All entries below are to be reproduced precisely as they stand, without the pictures.

+++

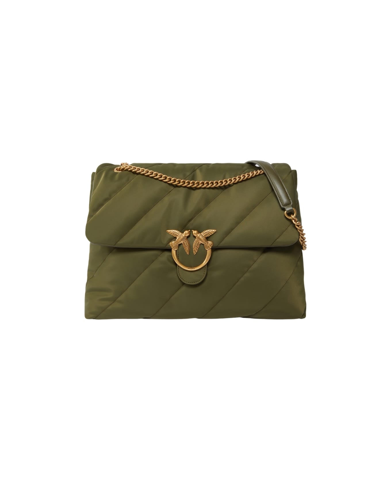 teflon women's bag: teflon technical fabric recycled fibres quilted front closure with metal love birds buckle metal chain shoulder strap and shoulder pad internal zip pocket interior lined in recycled polycotton composition: 100% nylon interior: 100% polyester
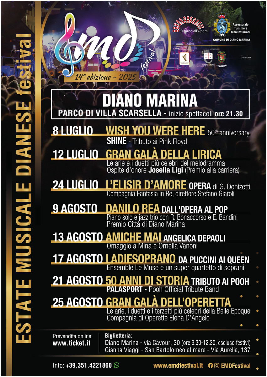 E’ un agosto a cinque stelle - tante sono le serate ancora in cartellone per il 14° Emd Festival – a Diano Marina. Nella splendida cornice del parco di Villa Scarsella, vero e proprio teatro all’aperto, tra il 9 e il 25 agosto ci attende una programmazione di altissimo livello in quello che è il periodo più vacanziero dell’anno. Cinque spettacoli per soddisfare un pubblico eterogeneo e i tanti cultori dell’arte musicale. Protagonisti sono artisti di caratura nazionale e internazionale e gruppi di eccellenza, tra talento, passione e bellezza, nell’ambito di un festival che dal 2012, svariando tra i vari generi musicali, regala grandi emozioni.
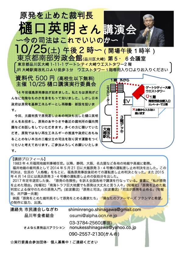 ご案内 ~原発を止めた裁判長 樋口英明さんの講演会~
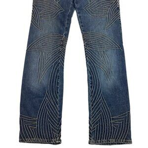 Roberto Cavalli Floral Seam Design Italian Straight Jeans Large
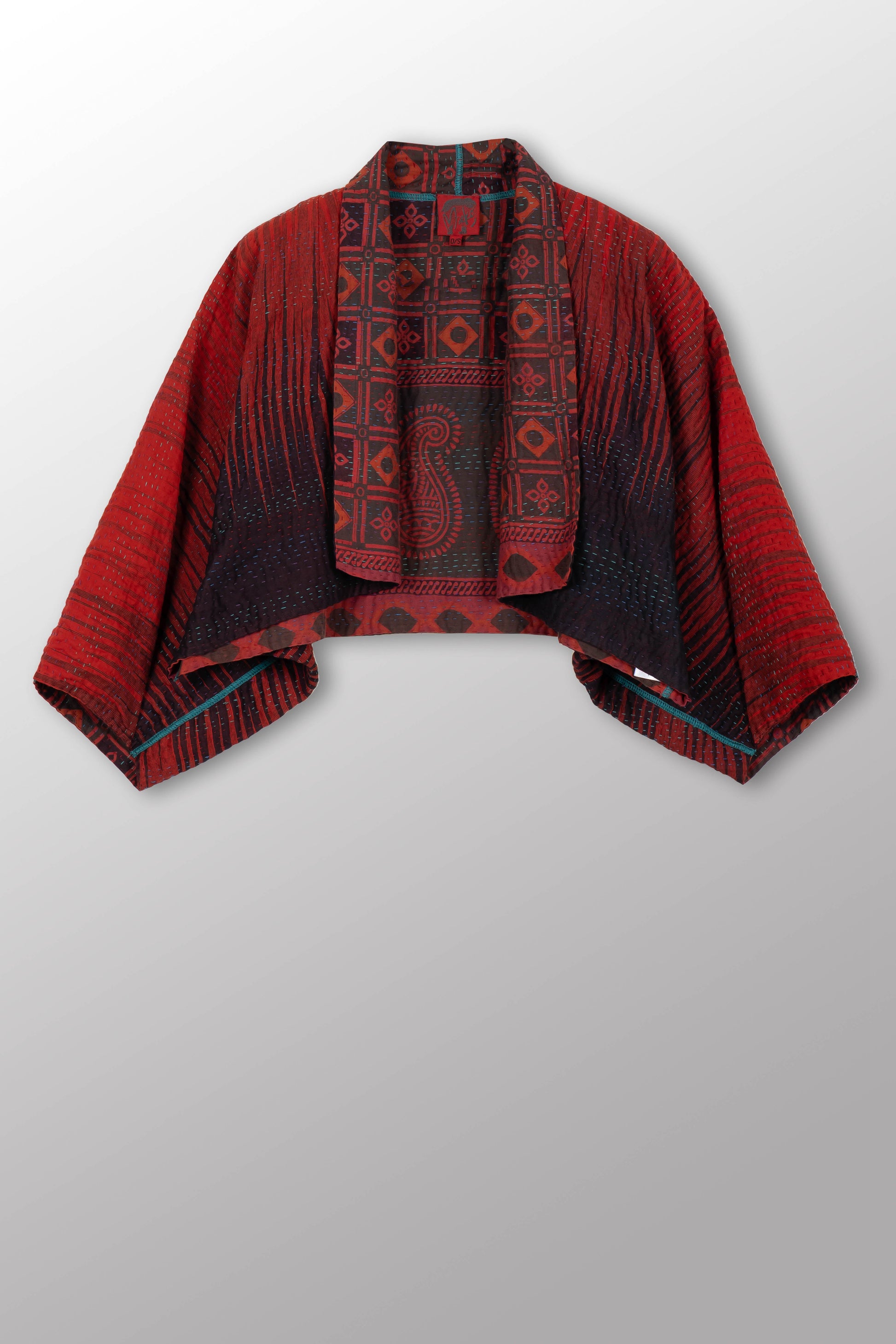 COTTON OVERDYE KANTHA PUFF SLV. SHRUG - ov4062-cred008a -
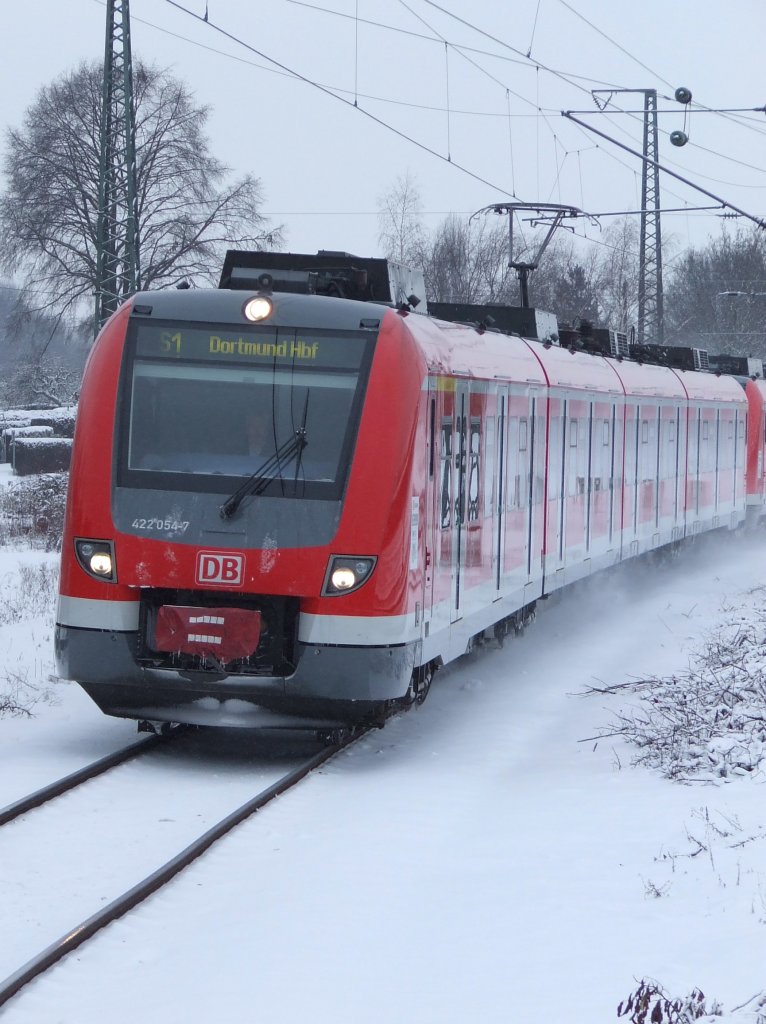 Ein ET 422 der S-Bahn RheinRuhr erreicht am 03.01.2010 den Hp Bochum-Ehrenfeld.
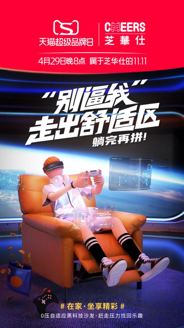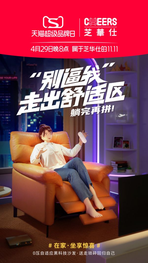 目前,对于更多年轻消费者而言,他们对生活品质有更高的追求,更愿意购买智能化与科技化家居,打造一个专属的生活舒适区,能更好的释放工作生活带来的压力,为了让更多年轻消费者创造属于自己的专属家居生活舒适空间,体验更具科技感、更加人性化的全新舒适空间生活产品,芝华仕将于4.29日晚8点—5.1日,再度联手天猫超级品牌日,以别逼我走出舒适区作为主题,深入了解年轻人需求,构建全新行业销售模式,打破原有“先付后享”消费理念,重磅推出“0元下单,先享后付”的全新消费模式,以创新性思维打破行业规则,创造芝华仕与天猫合作的双赢法则。
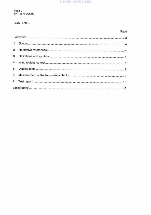 EN 12676-2:2000 is a CEN standard titled "Anti-glare systems for roads - Part 2: Test methods" (adopted in some countries as SIST EN 12676-2:2002). The document defines the laboratory test conditions required to verify key performance characteristics of road anti-glare systems (glare screens/anti-glare panels). It focuses on repeatable, standardized test methods used to assess durability, optical performance and structural behaviour under controlled conditions.
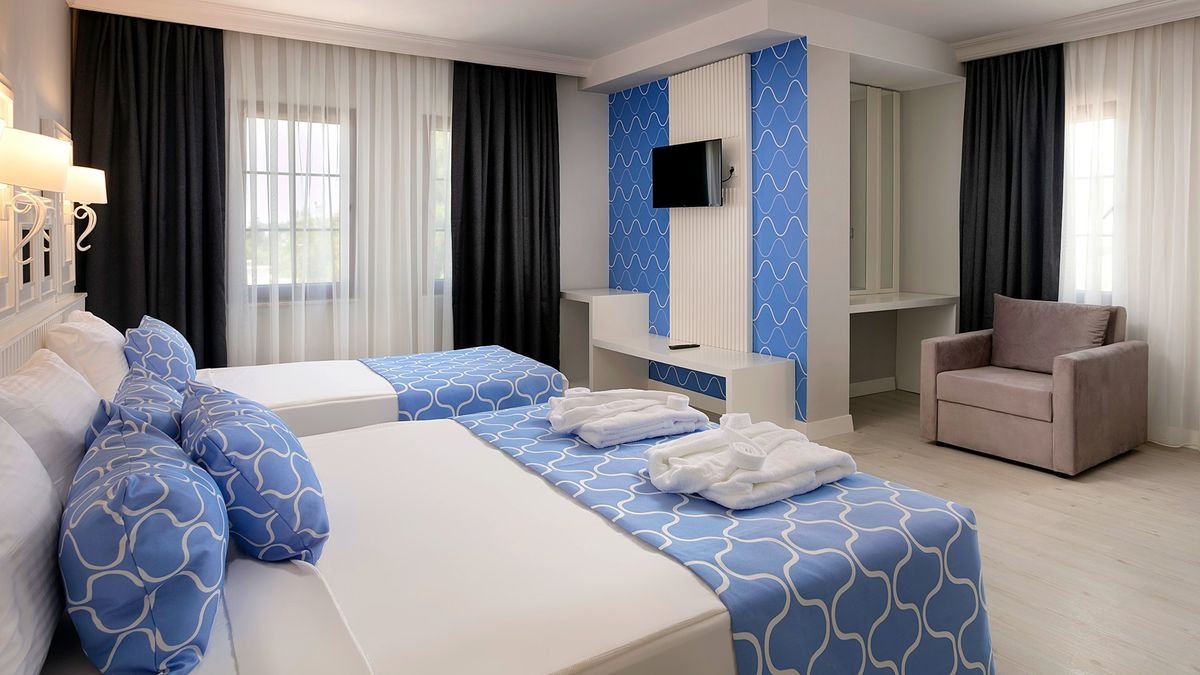 Przygotuj się na niezapomniany turecki urlop w zadbanym i stylowym hotelu położonym tuż przy pięknej plaży z niesamowitymi widokami na błękitne Morze Śródziemne! Mnóstwo atrakcji dla całej rodziny pozwoli aktywnie spędzić czas niezależnie od wieku: znaleźć tutaj można m.in. basen ze zjeżdżalniami, siłownię, kort tenisowy, liczne animacje oraz takie rozrywki dla dzieci jak miniklub, czy brodzik. Pyszne posiłki w bogatej ofercie all inclusive pomogą zregenerować siły, orzeźwiające koktajle ugaszą nawet największe pragnienie, jasne i przestronne pokoje pozwolą na chwile prywatności i odpoczynku, a na tych, którzy szukają pełni relaksu, czeka świetnie wyposażone centrum spa, gdzie oddać się można odprężającym zabiegom. Tutaj czeka Cię prawdziwie pięciogwiazdkowe doświadczenie!

+++

* [SOLUTION TO THIS EXERCISE]
 teflon women's bag: teflon technical fabric recycled fibres quilted front closure with metal love birds buckle metal chain shoulder strap and shoulder pad internal zip pocket interior lined in recycled polycotton composition: 100% nylon interior: 100% polyester
 E’ un agosto a cinque stelle - tante sono le serate ancora in cartellone per il 14° Emd Festival – a Diano Marina. Nella splendida cornice del parco di Villa Scarsella, vero e proprio teatro all’aperto, tra il 9 e il 25 agosto ci attende una programmazione di altissimo livello in quello che è il periodo più vacanziero dell’anno. Cinque spettacoli per soddisfare un pubblico eterogeneo e i tanti cultori dell’arte musicale. Protagonisti sono artisti di caratura nazionale e internazionale e gruppi di eccellenza, tra talento, passione e bellezza, nell’ambito di un festival che dal 2012, svariando tra i vari generi musicali, regala grandi emozioni.
 ご案内 ~原発を止めた裁判長 樋口英明さんの講演会~
 Roberto Cavalli Floral Seam Design Italian Straight Jeans Large
 COTTON OVERDYE KANTHA PUFF SLV. SHRUG - ov4062-cred008a -
 Ein ET 422 der S-Bahn RheinRuhr erreicht am 03.01.2010 den Hp Bochum-Ehrenfeld.
 目前,对于更多年轻消费者而言,他们对生活品质有更高的追求,更愿意购买智能化与科技化家居,打造一个专属的生活舒适区,能更好的释放工作生活带来的压力,为了让更多年轻消费者创造属于自己的专属家居生活舒适空间,体验更具科技感、更加人性化的全新舒适空间生活产品,芝华仕将于4.29日晚8点—5.1日,再度联手天猫超级品牌日,以别逼我走出舒适区作为主题,深入了解年轻人需求,构建全新行业销售模式,打破原有“先付后享”消费理念,重磅推出“0元下单,先享后付”的全新消费模式,以创新性思维打破行业规则,创造芝华仕与天猫合作的双赢法则。
 EN 12676-2:2000 is a CEN standard titled "Anti-glare systems for roads - Part 2: Test methods" (adopted in some countries as SIST EN 12676-2:2002). The document defines the laboratory test conditions required to verify key performance characteristics of road anti-glare systems (glare screens/anti-glare panels). It focuses on repeatable, standardized test methods used to assess durability, optical performance and structural behaviour under controlled conditions.
 Przygotuj się na niezapomniany turecki urlop w zadbanym i stylowym hotelu położonym tuż przy pięknej plaży z niesamowitymi widokami na błękitne Morze Śródziemne! Mnóstwo atrakcji dla całej rodziny pozwoli aktywnie spędzić czas niezależnie od wieku: znaleźć tutaj można m.in. basen ze zjeżdżalniami, siłownię, kort tenisowy, liczne animacje oraz takie rozrywki dla dzieci jak miniklub, czy brodzik. Pyszne posiłki w bogatej ofercie all inclusive pomogą zregenerować siły, orzeźwiające koktajle ugaszą nawet największe pragnienie, jasne i przestronne pokoje pozwolą na chwile prywatności i odpoczynku, a na tych, którzy szukają pełni relaksu, czeka świetnie wyposażone centrum spa, gdzie oddać się można odprężającym zabiegom. Tutaj czeka Cię prawdziwie pięciogwiazdkowe doświadczenie!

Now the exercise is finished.